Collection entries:
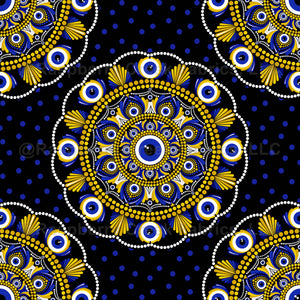Surrealist vibes in a traditional style with this navy and gold dot mandala. Eyes watching you wherever you go in this offset pattern on a dotted black background.
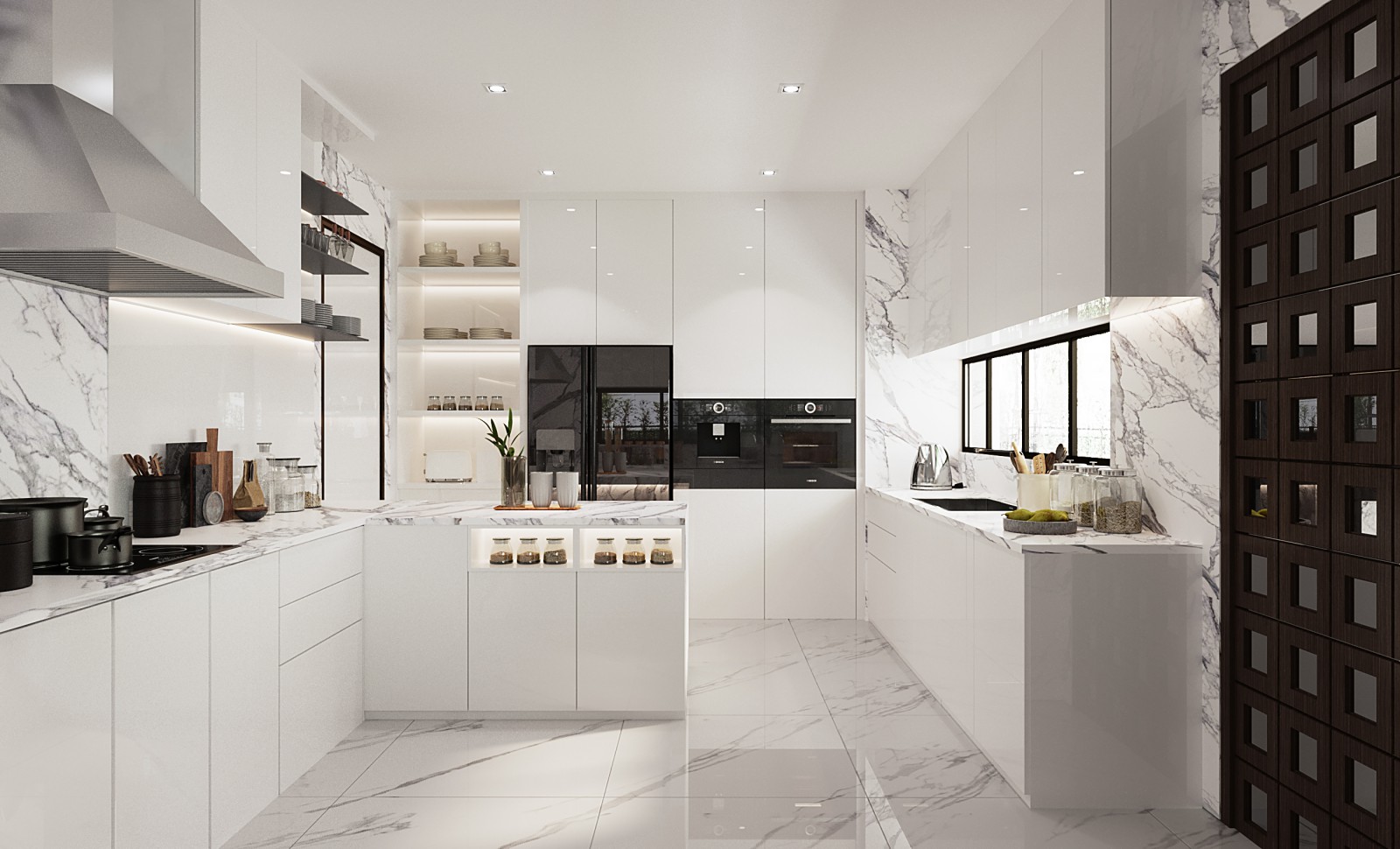 บ้านหรูระดับไฮคลาสขนาดมากกว่า 550 ตารางเมตร ที่ได้แรงบันดาลใจจากไลฟ์สไตล์ของเจ้าของบ้าน โทนสีของบ้านเน้นไปในธีมสีเทา ขาว และดำ เว้นเฉพาะห้องนอนที่ต้องการความเป็นส่วนตัว แตกต่างด้วยโทนสีน้ำตาลไม้ สัมผัสได้ถึงธรรมชาติ ภายในบ้านประกอบด้วยห้องต่าง ๆ มากมาย อาทิ ห้องเปียโน ห้องนั่งเล่น ห้องครัว ห้องนอน ห้องพระ ห้องทำงาน ห้องออกกำลังกาย Pantry+Mini Bar และ Walk In Closet ตกแต่งสไตล์โมเดิร์นได้อย่างกลมกลืน ไฮไลท์อยู่ที่ทุกพื้นที่ถูกตกแต่งด้วยงานหินนำเข้า เพิ่มความหรูหราด้วยกระจก และเฟอร์นิเจอร์สีมันวาว พร้อมชื่นชมงานศิลปะจากไฟประดับ ซึ่งสร้างสีสันและความตื่นตาตื่นใจให้กับการตกแต่งในครั้งนี้ไม่น้อย
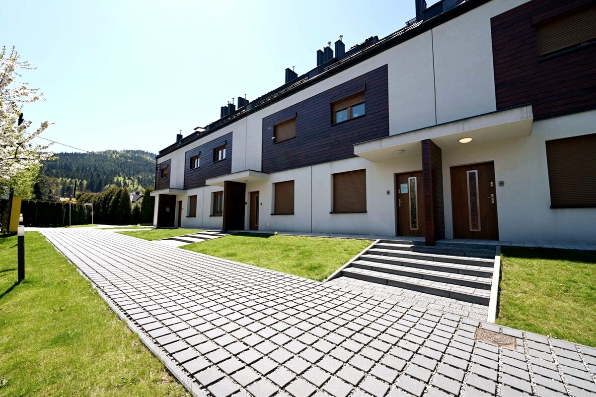 Para tu relajación, ofrecemos un apartamento de 62 metros cuadrados con dos dormitorios (uno con una cama de 160x200, el otro con dos camas individuales de 80x200), un sofá cama en el salón y una sauna privada de infrarrojos en el baño. El salón tiene una chimenea de gas, una mesa para 6 personas y una cocina totalmente equipada (cafetera a presión, lavavajillas, microondas, horno, ollas y vajilla). Desde las ventanas de cada habitación hay una vista maravillosa de Skrzyczne. El apartamento dispone de 2 plazas de aparcamiento privadas.
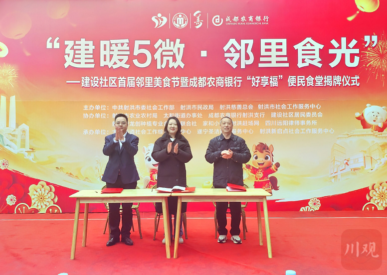 活动现场,建设社区、成都农商银行射洪支行与有爱餐饮公司共同签署了联建合作协议,承诺协同为居民提供安全、便捷、实惠的餐饮服务,切实提升社区生活的幸福感与获得感。
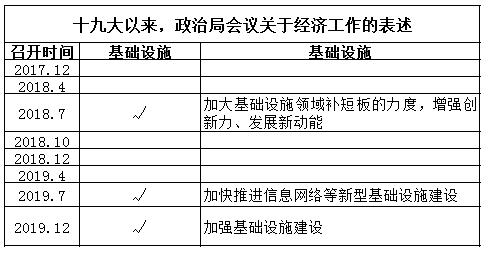 虽然着墨不多,但2019年12月召开的政治局会议明确提到了明年要“加强基础设施建设”。丁爽也认为,预计基础设施投资将在财政刺激乏力、工业库存周期触底、汽车销售不太受拖累等背景下小幅上升。
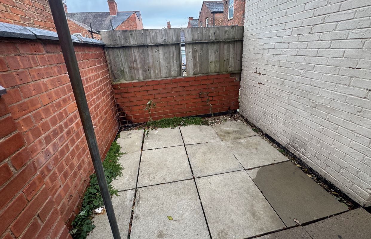 Outside: Walled front garden, rear garden with rear access.
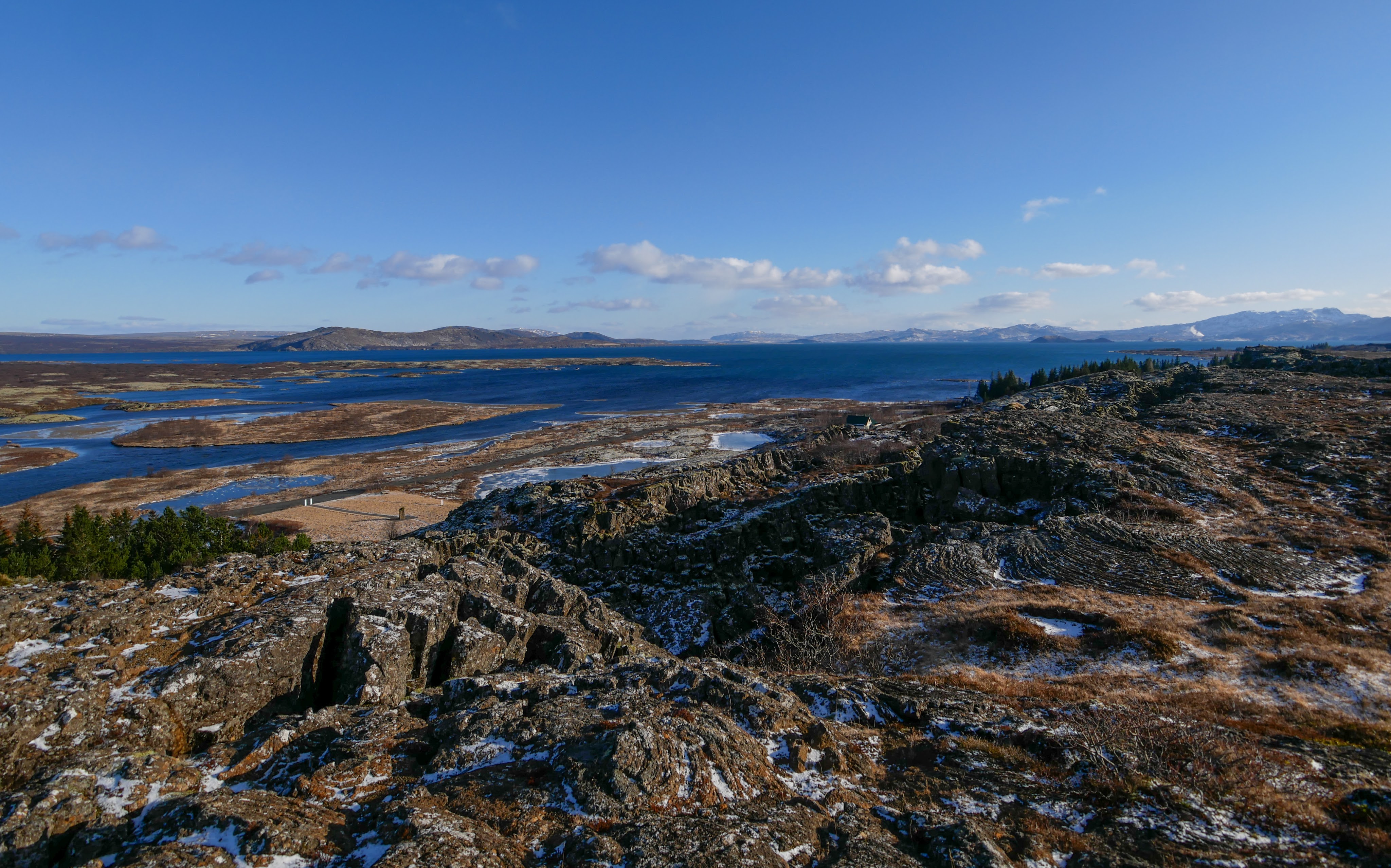 Nun waren wir aber vollends durchgefroren, die dicken Beinchen und der Bobbes wollten ums Verrecken nicht mehr warm werden, doch wir mussten weiter. Reykjavik war ja unser Endziel. Also stoppten wir nochmal kurz im Thingvellir Nationalpark, wo wir unter anderem kurz aus dem Auto hüpften um uns die Silfra-Spalte anzuschauen. An dieser Stelle driften die zwei Kontinentalplatten Amerika und Eurasien auseinander und in dem 2-3° kalten Wasser kann man normalweise tauchen. Natürlich nur in einem fetten Neoprenanzug. Heute war hier aber niemand zum tauchen, zumal ja auch Feiertag war. Nach zwei Minuten flüchteten wir wieder ins Auto und wollten noch einen Abstecher zur Allmännerschlucht (Almannagjá) machen. Nachdem wir erst bisschen mit dem Auto rumgeirrt waren, sind wir doch vom oben gelegenen Parkplatz runter gelaufen und zu der Stelle, wo die Republik Island ausgerufen wurde und vor langer langer Zeit die Volksversammlungen statt fanden. Also ja, wir sind bei der **** Kälte auch noch rummaschiert. Davon mal ab, dass wir auch hier wieder völlig alleine waren, konnten wir darüber hinaus auch einen tollen Blick über Thingvellir genießen, das noch knapp in der Sonne lag und die dunkelblauen Wasserläufe des Öxara und den Þingvallavatn zeigte und die in der Sonne glitzerten.

The task: Between and including the line with "活动现场,建设社区、成都农商" and the line with "Outside: Walled front", repeat every line exactly as it appears above, with pictures left out.

Answer section:
 活动现场,建设社区、成都农商银行射洪支行与有爱餐饮公司共同签署了联建合作协议,承诺协同为居民提供安全、便捷、实惠的餐饮服务,切实提升社区生活的幸福感与获得感。
 虽然着墨不多,但2019年12月召开的政治局会议明确提到了明年要“加强基础设施建设”。丁爽也认为,预计基础设施投资将在财政刺激乏力、工业库存周期触底、汽车销售不太受拖累等背景下小幅上升。
 Outside: Walled front garden, rear garden with rear access.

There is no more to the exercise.